6-: From Massage and Aristocracy, published in Reynolds’s Newspaper (London, England) of Sunday 22nd July 1894 [No. 2,293, page 4, column 4]:
In ancient Rome, under the Empire, ladies used to go to baths to meet a certain class of men; while men resorted thither to meet a certain class of ladies. The ladies belonged to what has been called “the oldest profession in the world,” a profession which is carried on in Piccadilly, Regent-street, and other parts of modern London with great energy every night; and the men were the male parallels of that particular class.

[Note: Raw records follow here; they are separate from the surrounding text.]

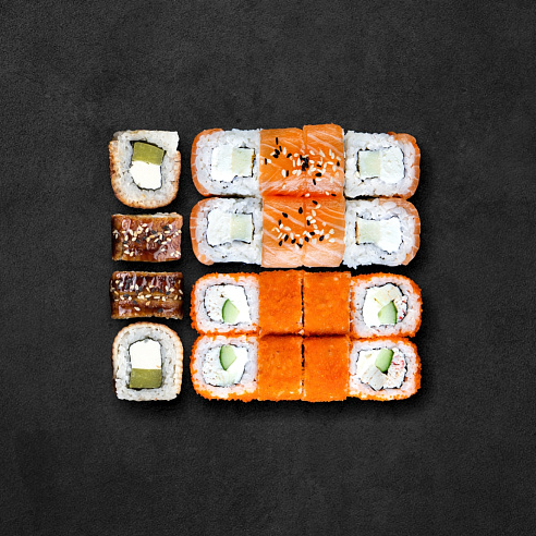 2 ролла + 1/2 ролла: Филадельфия кани тобико (сливочный сыр, снежный краб, огурец, японский омлет, масаго); Филадельфия лайт (лосось, сливочный сыр, японский омлет, кунжут); 1/2 ролла Унаги тизу маки (угорь, сливочный сыр, маринованный дайкон, Унаги соус, кунжут)
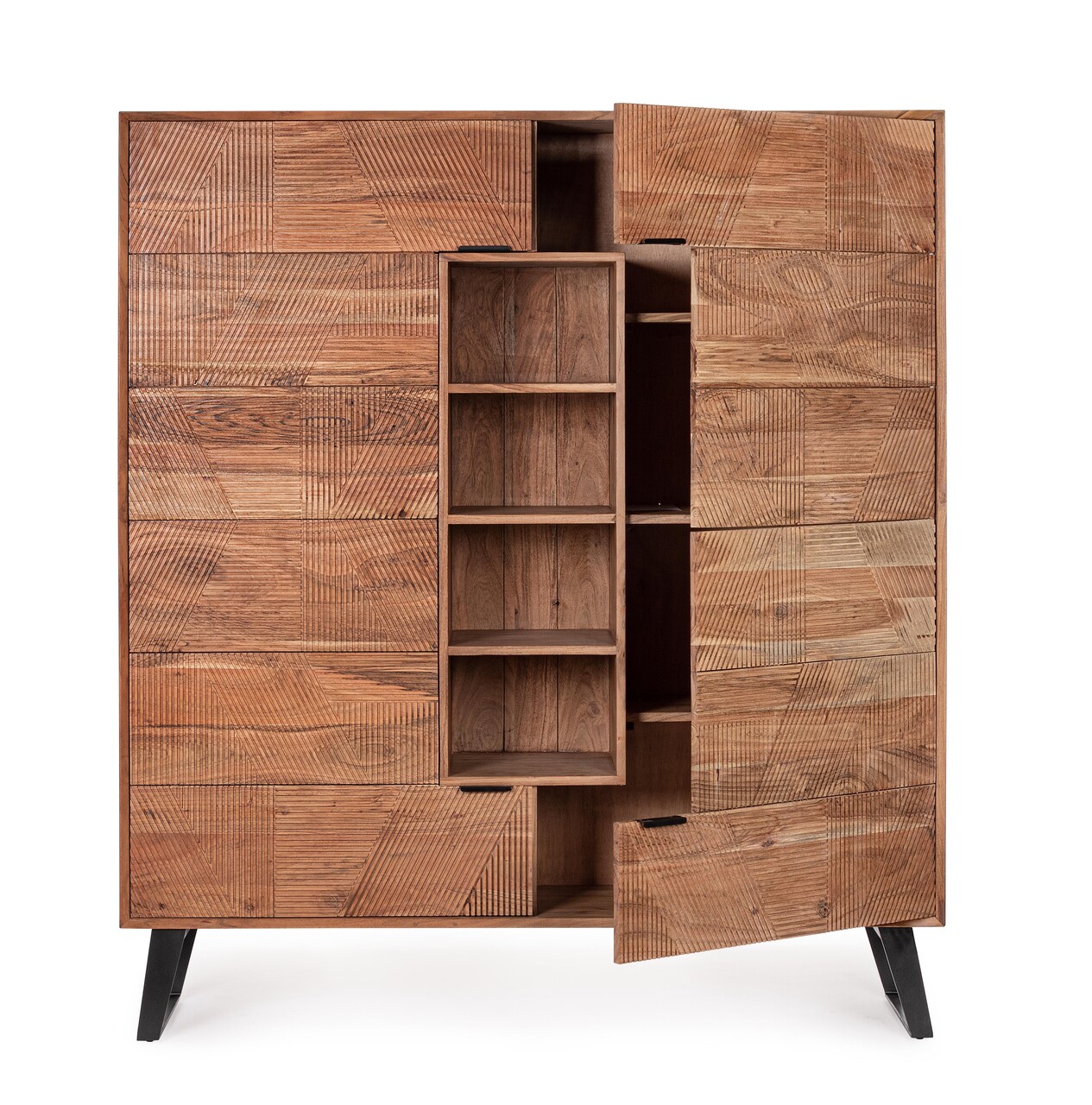 Comoda Isar, Bizzotto, 145x40x165 cm, lemn de salcam, detalii lucrate manual, maro
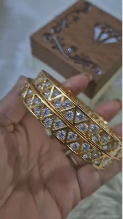 Elegant micro gold-plated bangles adorned with sparkling CZ stones. A timeless pair that adds charm to every occasion.
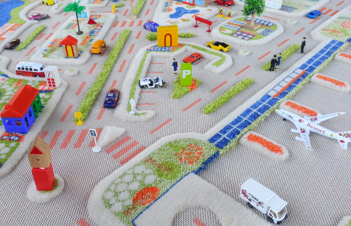 Spielteppich Stadt „Mini City“ im dreidimensionalen Design. Auf diesem Kinderteppich sind eine Stadt, Flughafen, Meer mit Hafen und Strand abgebildet. Ihre Kinder können am Flughafenterminal direkt in ein Auto steigen, echtes Großstadt Flair erkunden und einen Ausflug zum großen Hafen unternehmen. Zwischendurch kann natürlich im örtlichen Supermarkt eingekauft, der Freund im Krankenhaus besucht und das Auto vollgetankt werden.
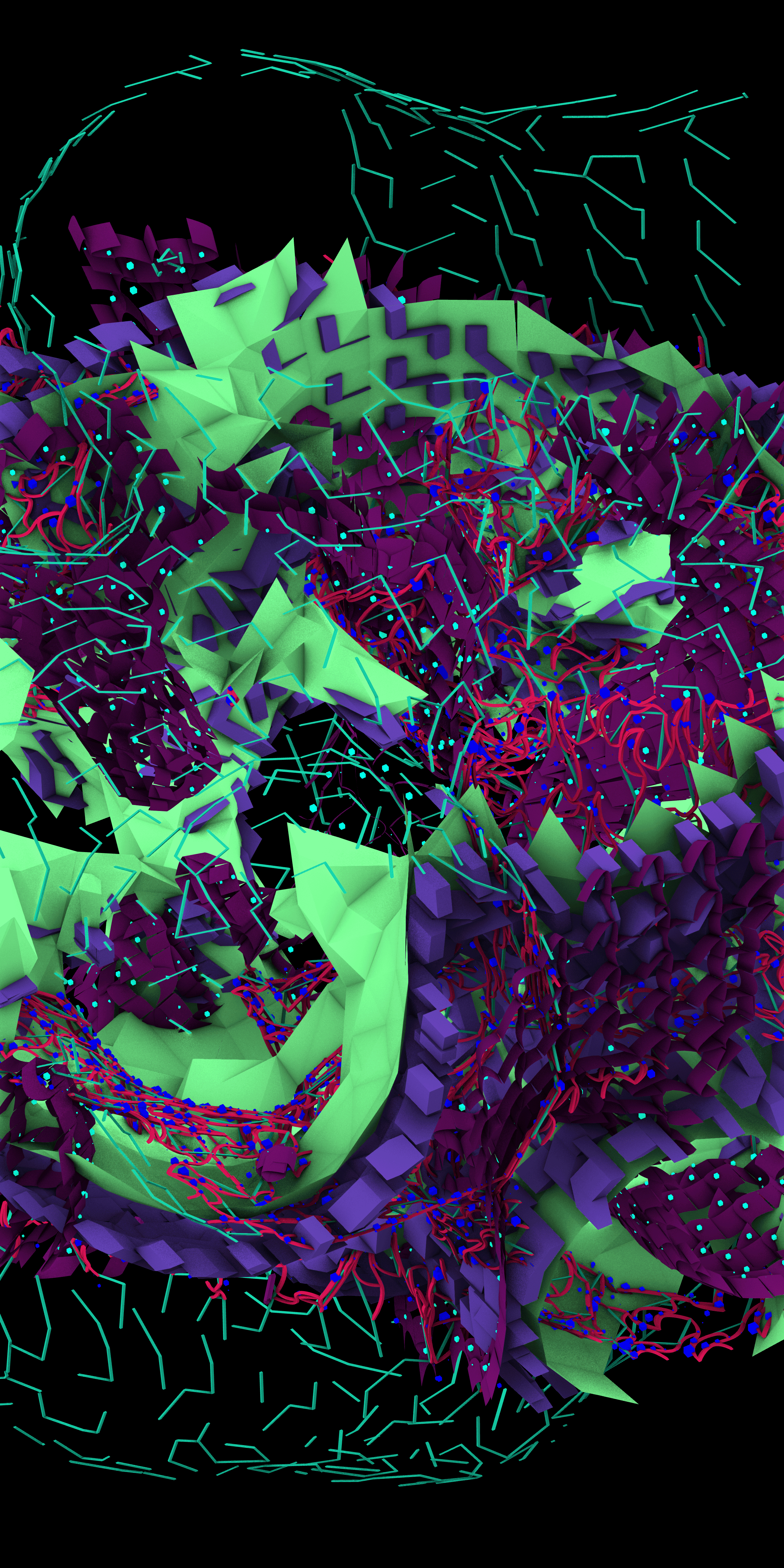Custom transformations of three iso-surfaces [ISF] are based on evaluation of random ellipsoid paths. Faces are 'turned' to micro-cubes in connection with re-parametrized line segments. Volume is subtracted with hexagonal prism. 3D extrusion.
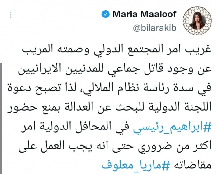 استنكرت الإعلامية ماريا معلوف، تجاهل المجتمع الدولي وصول قاتل مستبد إلى قمة السلطة في النظام الإيراني، مطالبة بمحاكمته دوليا.
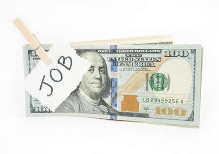 Jobs. The inscription cut out of dollar bills on a green background. Offer, job search. Business. Finance.
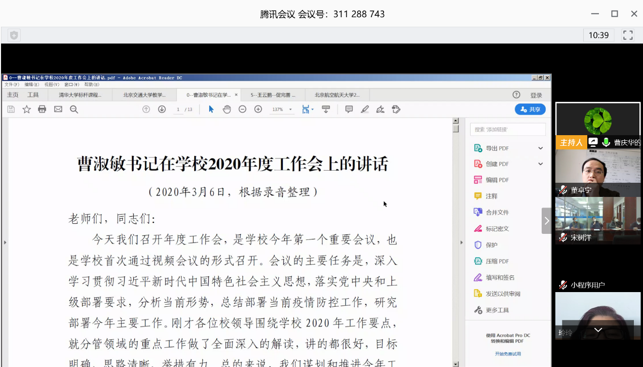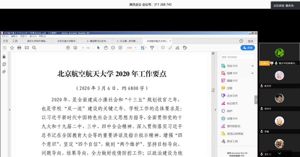 以视频会议形式,召开全体教职工会议,传达和学习学校工作会议精神和2020年度工作要点,对必威工作作出部署,提出要求。必威常务副院长曹庆华、常务副书记董卓宁等全体班子成员,必威全体工作人员130余人参加会议。会议由曹庆华主持。

7-: From London after many Years.—II., by ‘H. H. O.’, published in The Civil & Military Gazette (Lahore, Punjab, Pakistan) of Saturday 29th July 1893 [Vol. XVI, No. 5,124, page 1, column 4]:
It is now 13 years since I last saw London, and I must say I find it wonderfully improved. […] The first night I arrived in town I went to the Royal in Holborn, a music hall of about the average London quality. In my day it would have been impossible to take a lady to a place of this kind, but I found to my astonishment and gratification that the whole tone of the Variety Entertainment has altered. […] I sat through a long, but quickly varied, programme of 20 events, and there was not one word, nor one action, on the stage which could have offended the most fastidious taste, or which a child might not have listened to and seen. There were of course a number of members of what Rudyard Kipling calls “the oldest profession on earth” present, but they were not much “en evidence,” and no loud behaviour of any kind would be tolerated for one moment by the stalwart “chuckers-out” (most of them old soldiers evidently, and dressed in handsome uniforms, with frock-coats and forage caps, like Staff officers) who guard all the doors and patrol the different parts of the auditorium.
—Cf. also the second-oldest profession (in the world).